[Maria-developers] add a rotate event at begin of relay log make greate help
Hi kristian, currently, a relaylog is immediately purged after it be completely replayed (relay_log_purge=1). and if IO thread crashes, we should delete all relay logs and fetch master binlog again from exec_master_log_pos/file (relay_log_purge=ON). I think that make a greap waste of disk IO especially to cloud disk. The critical problem is that there is no method to know the original binlog filename on master of a event in relaylog. Actually we can know a relaylog event's original binlog offset on master, but we can't know the original binlog filename. so why not forcely add a rotate event or any other new type event which contained the original master binlog filename at begin of a relay log. as I know two different master binlogs' events wouldn't contained in one relay log, so the original binlog filename of a relaylog's events is only one.
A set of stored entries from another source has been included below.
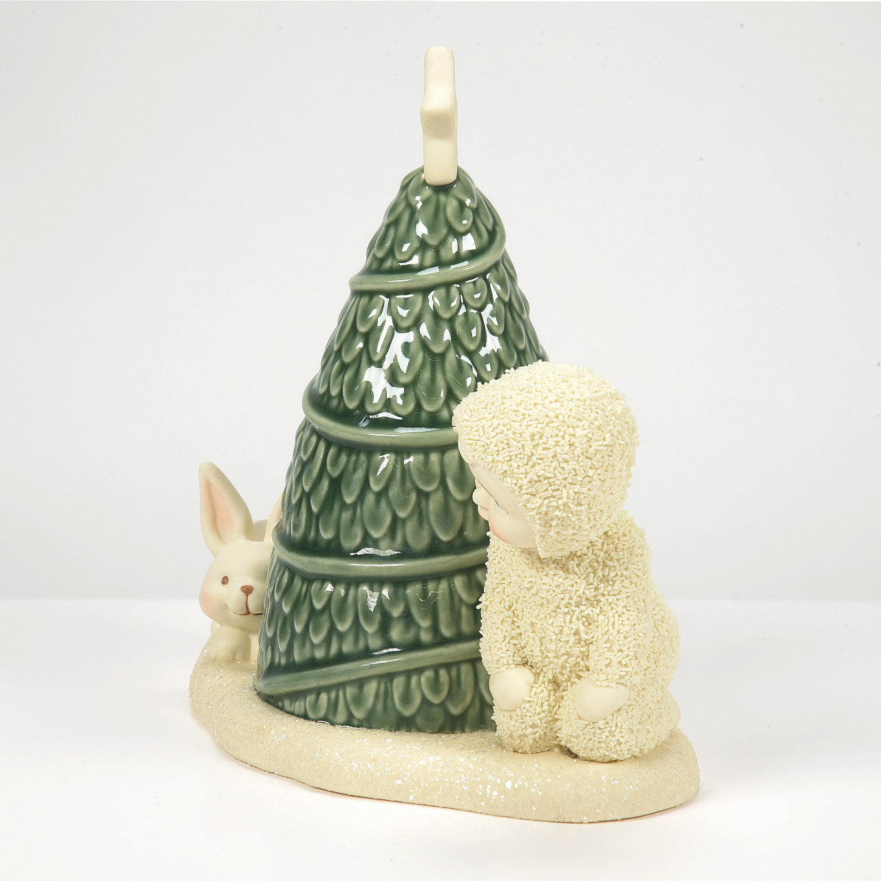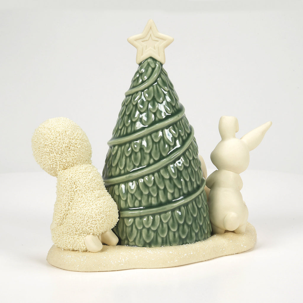 Peek-a-boo, this Snowbaby sees you! Around and around the tree they go. When will they stop? Nobody knows! Part of the 2025 Snowbabies collection.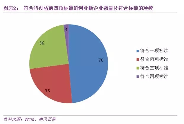 3、大多数创业板企业符合科创板要求,但多数仅符合第一项标准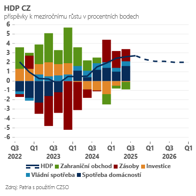 Pokud se první odhad HDP potvrdí a nedojde k výraznější negativní revizi, přepíšeme odhad růstu pro tento i příští rok lehce vzhůru. I když budeme dál předpokládat lehké zvolnění dynamiky růstu na přelomu roku, celkový růst za rok 2025 pravděpodobně skončí v blízkosti 2,5 % (náš dnešní odhad 2,1 %) a v roce 2026 se pak můžeme i s negativními efekty obchodních válek pohybovat v blízkosti 2 % (dnes 1,9 %).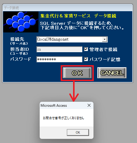 そのため、賃貸名人6.2以上のバージョンアップファイルを適用後は、アプラス用のアプリ「集金代行&家賃サービス」を起動するとエラーメッセージが表示され、起動ができません。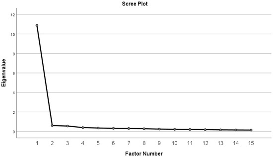 Finally, factor scores for each participant were saved as new variables. These scores represent the extent to which each participant exhibits the underlying latent factor identified by the analysis and can be used in further analyses or for validation purposes. As shown in Table 4, all 15 items exhibit factor loadings above 0.6, demonstrating strong contributions to the extracted factor and reinforcing the unidimensional structure of the questionnaire.

If we want to know a relaylog event's original binlog filename/position, we can get original filename from the begin of relaylog, and get original binlog offset from event's "end log pos". oppositely, if we know a event's binlog filename/end positon on master, wo also can quickly find it in slave's relay log. That can make many benefits, firstly no need to delete all relay logs and fetch master binlogs again when IO thread crashed, because we can get exact last read_master_log_filename/position from last relay log. secondly, there is no need to use GTID in 1 vs n replication failover Scenario (Gtid must set log_slave_updates=ON in mysql 5.6, which increase disk IO load), if master crashes, other slaves can get lost events for the newest slave's relay log, as long as relay log don't be purged, then promotes the newest slave to master. Thanks. 2014-11-26 nanyi607rao
"nanyi607rao" <nanyi607rao@gmail.com> writes:
currently, a relaylog is immediately purged after it be completely replayed (relay_log_purge=1). and if IO thread crashes, we should delete all relay logs and fetch master binlog again from exec_master_log_pos/file (relay_log_purge=ON). I think that make a greap waste of disk IO especially to cloud disk. The critical problem is that there is no method to know the original binlog filename on master of a event in relaylog.
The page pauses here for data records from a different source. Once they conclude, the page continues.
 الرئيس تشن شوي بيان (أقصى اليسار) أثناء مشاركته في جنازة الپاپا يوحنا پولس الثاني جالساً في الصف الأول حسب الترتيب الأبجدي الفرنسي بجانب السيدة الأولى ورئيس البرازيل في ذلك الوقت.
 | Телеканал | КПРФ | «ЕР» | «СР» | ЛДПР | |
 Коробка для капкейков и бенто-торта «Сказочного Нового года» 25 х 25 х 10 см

Actually we can know a relaylog event's original binlog offset on master, but we can't know the original binlog filename. so why not forcely add a rotate event or any other new type event which contained the original master binlog filename at begin of a relay log. as I know two different master binlogs' events wouldn't contained in one relay log, so the original binlog filename of a relaylog's events is only one.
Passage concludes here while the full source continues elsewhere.